Antimicrobial Technologies - IDTechEx Discusses How They Work
BOSTON, April 8, 2021 /PRNewswire/ -- Antimicrobial technologies such as coatings and textiles containing silver and copper are helping people during the COVID-19 pandemic by ensuring that whatever they touch, whether that is a door handle or their own mask, is free from live SARS-CoV-2 particles. But how exactly do these antimicrobial technologies work? How can a silver, copper or even polymeric coating kill microorganisms such as bacteria, fungi, or in the case of COVID-19, viruses? This article explores the mechanisms of action, or the interactions, through which antimicrobials work. IDTechEx have recently published a research report on the antimicrobial technology industry – "Antimicrobial Technology Market 2021– 2031". Please refer to www.IDTechEx.com/Antimicrobial for more information.
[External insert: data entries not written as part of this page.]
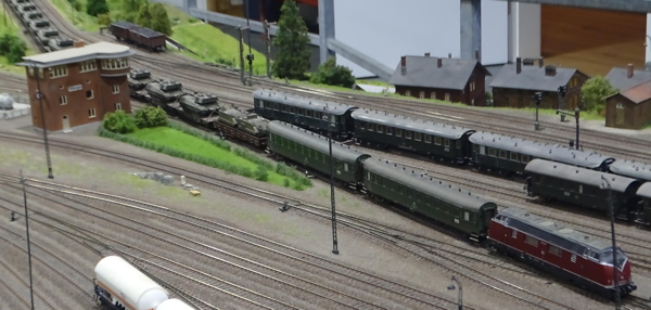 Während des Wehrdienstes habe ich eine Nachtfahrt auf dem Führerstand einer V200 erlebt, Rückfahrt im Ganzzug von einem Manöver, Hamburg bis Paderborn. Die Panzer hinten drauf und während die Kameraden in den Uraltpersonenwagen sogar die Gepäcknetze nutzten um eine Mütze Schlaf zu ergattern, hatte ich vorn einen Logenplatz in der ersten Reihe. Ich habe den Lokführer einfach bei einem Halt gefragt - und der war froh über die Gesellschaft bei der einsamen Fahrt durch die Nacht. Genau so ein Zug fährt auf der Modellbundesbahn in Brakel, ich überlege derzeit, ob ich einen solchen Manöverzug auch durch Timmerbruch fahren lassen soll...
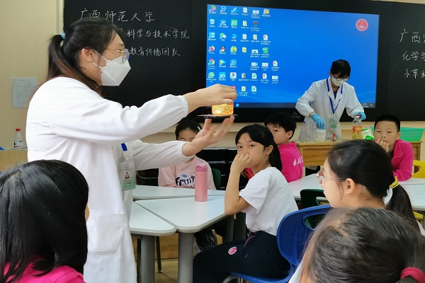 本次科普的对象为卓然小学五年级的学生。科普选题分别为“神奇的水流”、“穿墙而过”、“熔岩灯”、“变色的紫甘蓝”。
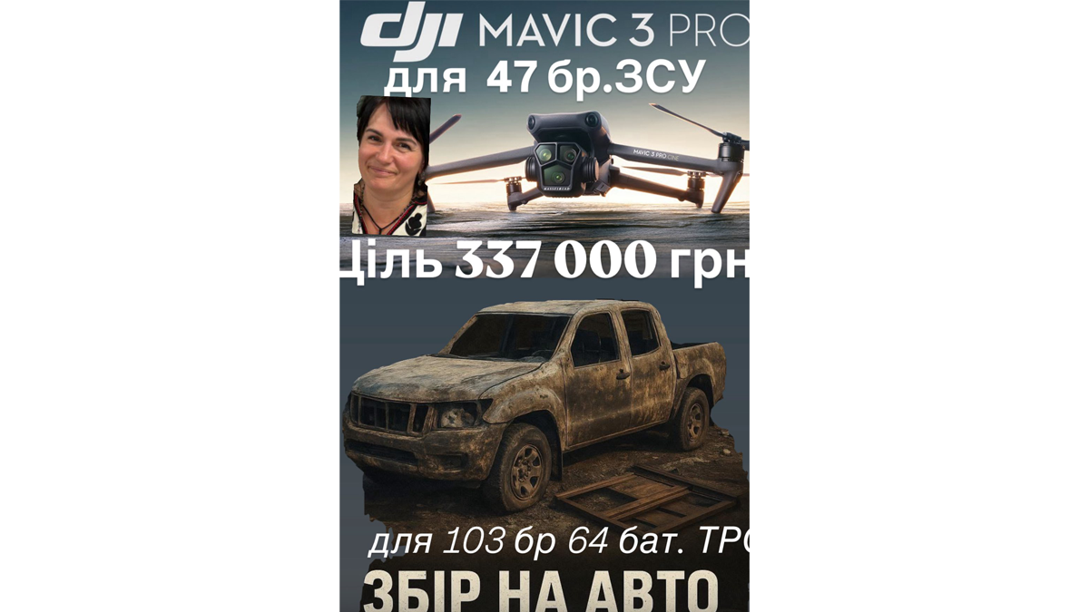 Воїнам 47 окремої механізованої бригади “Магура” для виконання бойових завдань необхідно придбати дрон Mavic 3 Pro. Також військовослужбовці 64 батальйону 113 бригади ТрО потребують автівки. Загальна ціль збору – 337 тис. гривень. Ви також можете долучитися до збору своїм донатом:
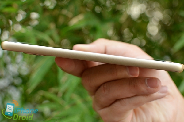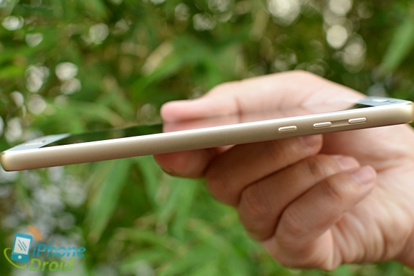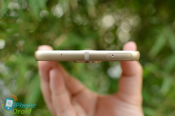 ด้านหลังตัวเครื่องเป็นกระจกกันรอย และจะเห็นว่าในส่วนของโมดูลกล้องจะนูนขึ้นมาเหนือฝาหนังค่อนข้างเยอะ แต่จริง ๆ แล้วรุ่นนี้เมื่อใส่เคสก็จะพอดีกับส่วนที่นูนขึ้นนี้ (ในกล่องจะมีฝาหลังไม้แถมมาให้ฟรี) โดยตัวกล้องหลังมีความละเอียด 16 ล้านพิกเซล มีเลเซอร์ช่วยโฟกัส และแฟลช Dual tone
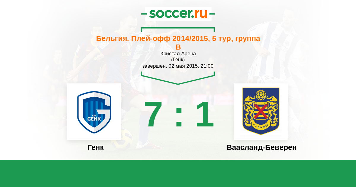 Бельгия. Про-Лига 11.04.2015 Ваасланд-Беверен Логотип футбольный клуб Ваасланд-Беверен 0:2 Логотип футбольный клуб Генк Генк
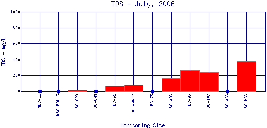 Longitudinal Total Dissolved Solids Profiles for July, 2006
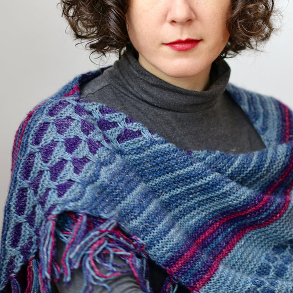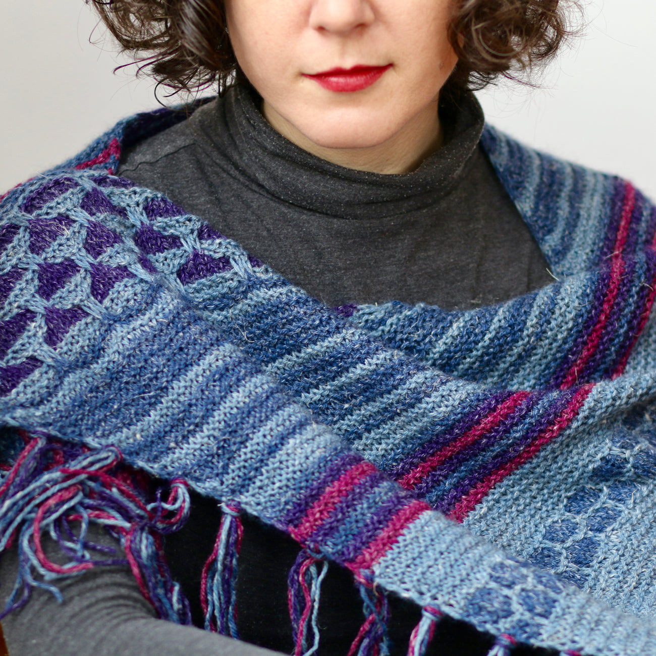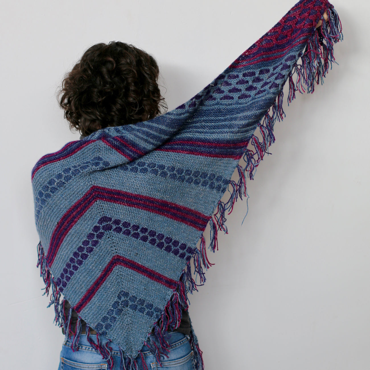Stripes, bubbles and dashes of different colour, you can have fun combining colours in this shawl! Worked from the tip up you'll enjoy working this unusual construction.

Damaging cell walls and membranes
Microorganisms such as bacteria, viruses, and mold are single cellular organisms surrounded by either a cell wall, cell membrane, or both. Disruption of this outside layer is a common way to kill microorganisms. Like all organisms, the insides of a microorganism are carefully regulated, and ideally, stays inside.
One way to destroy microorganisms is to disrupt the activity of the membrane. For example, silver-based technologies release silver ions that can bind to proteins within the membrane that regulate transport into and out of the cell. Similarly, high concentrations of zinc, itself essential to microorganisms for growth, can end up blocking ion channels that cross the membrane. When nutrients essential to the microorganism cannot enter, cell growth and reproduction is halted.
A more drastic method is to simply break the microorganism open. A wide range of antimicrobial technologies generate reactive oxygen species such as peroxides and singlet oxygen that attack and break down the cell membrane. Others, such as silane quaternary compounds, simply pierce or rupture the membrane through mechanical means.
Binding and inhibiting essential cellular processes
Antimicrobial technologies can also wreak havoc from inside the cell. Metal-based technologies, such as silver, copper, and zinc, release ions that bind to components of the cell's internal machinery, many of which are a part of pathways essential to the cell's survival. Metallic ions, being positively charged, also interact with negatively charged genetic material such as DNA and RNA. Access to DNA and RNA is critical – without it, new proteins cannot be created, and in the case of DNA, cell division is halted when DNA cannot be copied.